# RECORDS SHOWN:
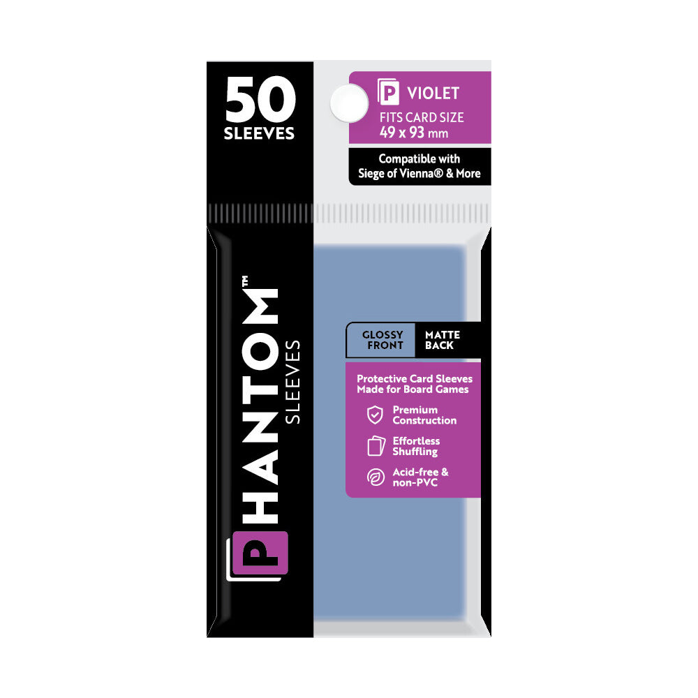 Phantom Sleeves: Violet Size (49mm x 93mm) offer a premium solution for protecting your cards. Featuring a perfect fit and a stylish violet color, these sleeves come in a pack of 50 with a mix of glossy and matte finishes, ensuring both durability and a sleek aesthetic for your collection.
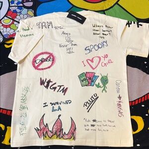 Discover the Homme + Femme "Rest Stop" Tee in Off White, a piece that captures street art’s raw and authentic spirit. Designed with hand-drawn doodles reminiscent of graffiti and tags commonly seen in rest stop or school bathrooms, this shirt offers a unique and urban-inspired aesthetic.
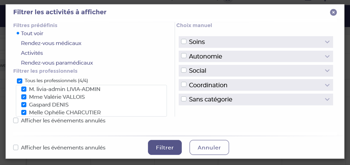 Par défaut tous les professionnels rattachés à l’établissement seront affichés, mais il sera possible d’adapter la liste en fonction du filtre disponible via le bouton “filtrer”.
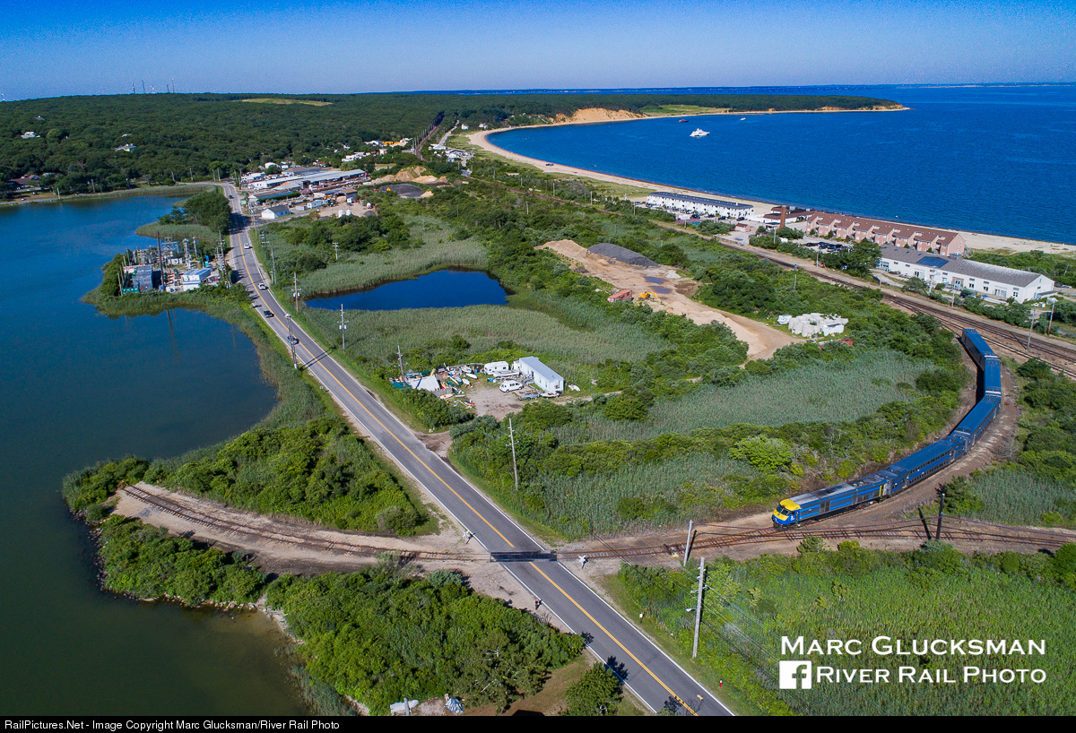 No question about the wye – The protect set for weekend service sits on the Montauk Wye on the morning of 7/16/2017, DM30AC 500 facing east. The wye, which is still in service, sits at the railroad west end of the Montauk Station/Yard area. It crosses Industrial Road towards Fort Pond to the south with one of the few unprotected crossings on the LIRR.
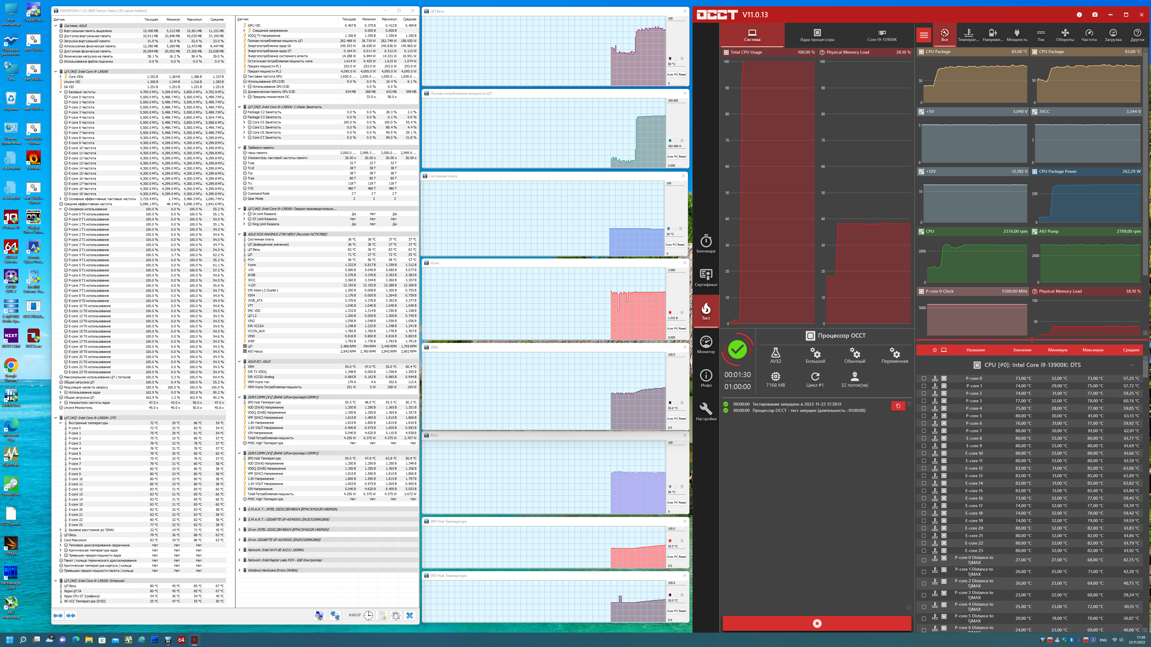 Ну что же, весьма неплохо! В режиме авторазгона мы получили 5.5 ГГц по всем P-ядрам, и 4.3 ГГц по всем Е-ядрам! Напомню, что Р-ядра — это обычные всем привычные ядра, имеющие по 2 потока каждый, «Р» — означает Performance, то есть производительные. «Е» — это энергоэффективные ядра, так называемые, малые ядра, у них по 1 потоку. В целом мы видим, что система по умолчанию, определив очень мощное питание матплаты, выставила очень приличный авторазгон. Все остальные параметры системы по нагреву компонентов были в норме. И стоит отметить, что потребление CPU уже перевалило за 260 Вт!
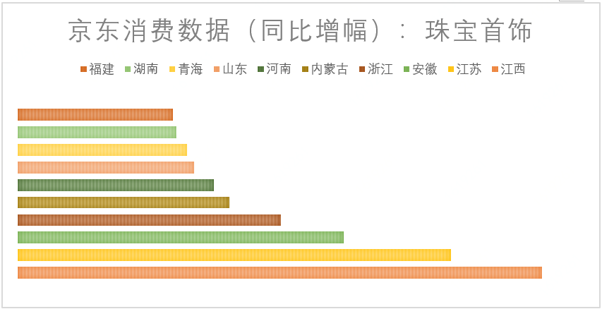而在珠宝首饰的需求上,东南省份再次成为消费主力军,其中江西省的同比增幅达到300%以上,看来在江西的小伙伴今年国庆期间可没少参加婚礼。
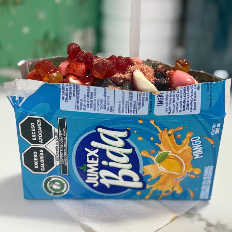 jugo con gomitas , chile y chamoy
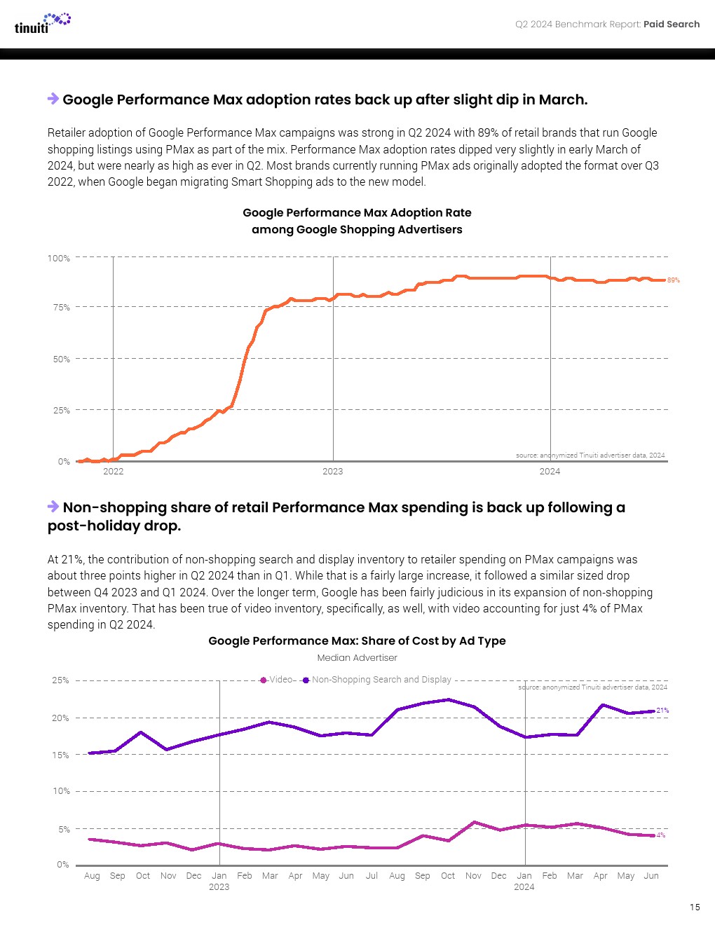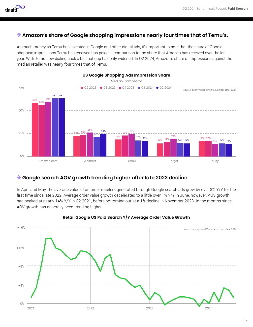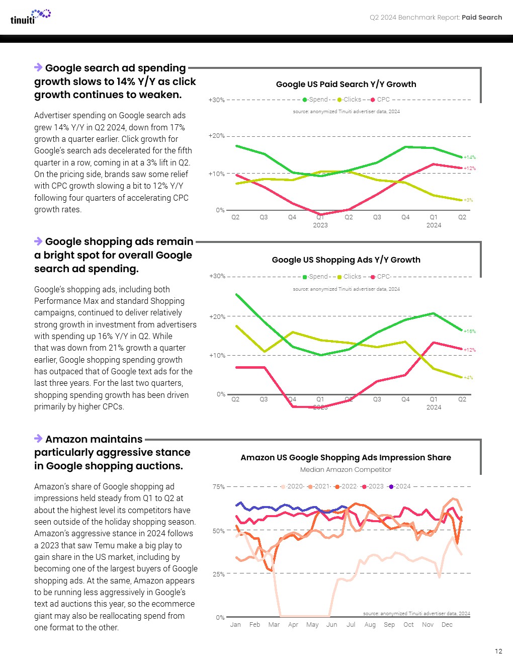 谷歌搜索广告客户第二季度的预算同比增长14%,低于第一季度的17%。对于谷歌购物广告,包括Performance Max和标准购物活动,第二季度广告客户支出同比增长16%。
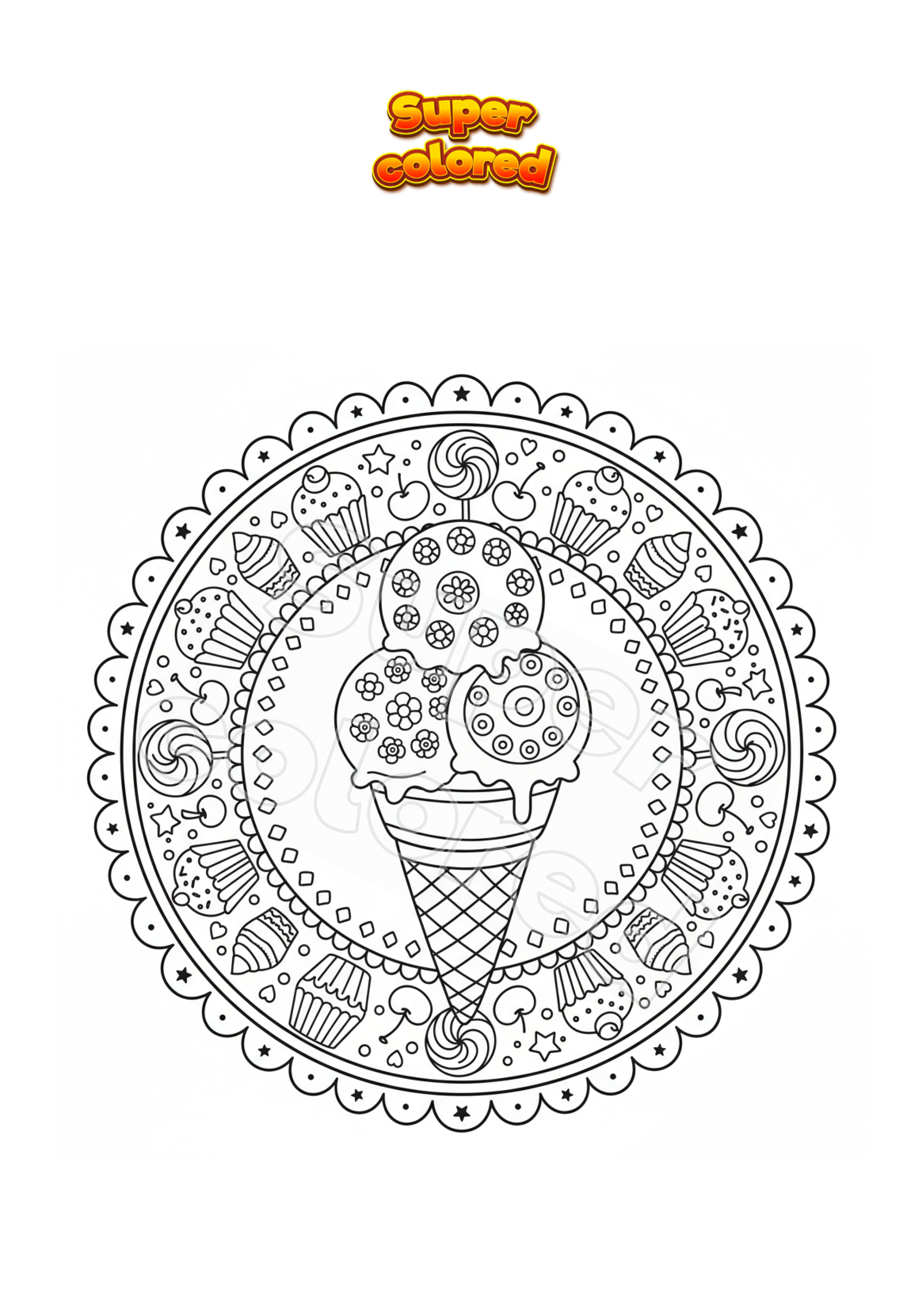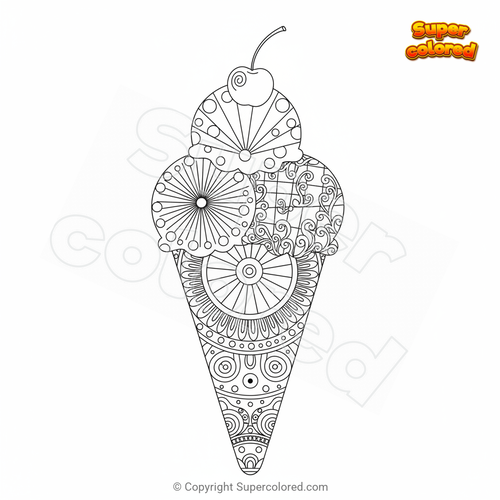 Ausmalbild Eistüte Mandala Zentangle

# WHAT THE TASK REQUIRES:
Print the material above word for word, first line through the line with "No question about", and leave every picture out.

# RESPONSE AREA:
 Phantom Sleeves: Violet Size (49mm x 93mm) offer a premium solution for protecting your cards. Featuring a perfect fit and a stylish violet color, these sleeves come in a pack of 50 with a mix of glossy and matte finishes, ensuring both durability and a sleek aesthetic for your collection.
 Discover the Homme + Femme "Rest Stop" Tee in Off White, a piece that captures street art’s raw and authentic spirit. Designed with hand-drawn doodles reminiscent of graffiti and tags commonly seen in rest stop or school bathrooms, this shirt offers a unique and urban-inspired aesthetic.
 Par défaut tous les professionnels rattachés à l’établissement seront affichés, mais il sera possible d’adapter la liste en fonction du filtre disponible via le bouton “filtrer”.
 No question about the wye – The protect set for weekend service sits on the Montauk Wye on the morning of 7/16/2017, DM30AC 500 facing east. The wye, which is still in service, sits at the railroad west end of the Montauk Station/Yard area. It crosses Industrial Road towards Fort Pond to the south with one of the few unprotected crossings on the LIRR.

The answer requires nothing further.